Report every line of the records that includes the word "your".

### Input for this task:

+===+

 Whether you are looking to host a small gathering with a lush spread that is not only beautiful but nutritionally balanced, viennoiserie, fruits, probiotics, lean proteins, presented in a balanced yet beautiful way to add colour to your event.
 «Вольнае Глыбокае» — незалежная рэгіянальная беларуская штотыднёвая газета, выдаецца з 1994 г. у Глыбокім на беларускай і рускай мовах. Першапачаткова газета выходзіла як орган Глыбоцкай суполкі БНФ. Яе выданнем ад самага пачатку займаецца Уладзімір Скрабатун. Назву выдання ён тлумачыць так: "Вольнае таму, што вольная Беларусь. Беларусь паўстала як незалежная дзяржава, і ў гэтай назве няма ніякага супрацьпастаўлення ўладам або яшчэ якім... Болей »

+===+

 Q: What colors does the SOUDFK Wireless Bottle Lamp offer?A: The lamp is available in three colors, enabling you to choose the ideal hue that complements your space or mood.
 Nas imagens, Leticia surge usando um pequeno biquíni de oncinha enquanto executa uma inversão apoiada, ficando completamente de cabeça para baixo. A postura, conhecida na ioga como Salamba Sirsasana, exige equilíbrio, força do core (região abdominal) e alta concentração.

+===+

### Solution for this exercise:
 Whether you are looking to host a small gathering with a lush spread that is not only beautiful but nutritionally balanced, viennoiserie, fruits, probiotics, lean proteins, presented in a balanced yet beautiful way to add colour to your event.
 Q: What colors does the SOUDFK Wireless Bottle Lamp offer?A: The lamp is available in three colors, enabling you to choose the ideal hue that complements your space or mood.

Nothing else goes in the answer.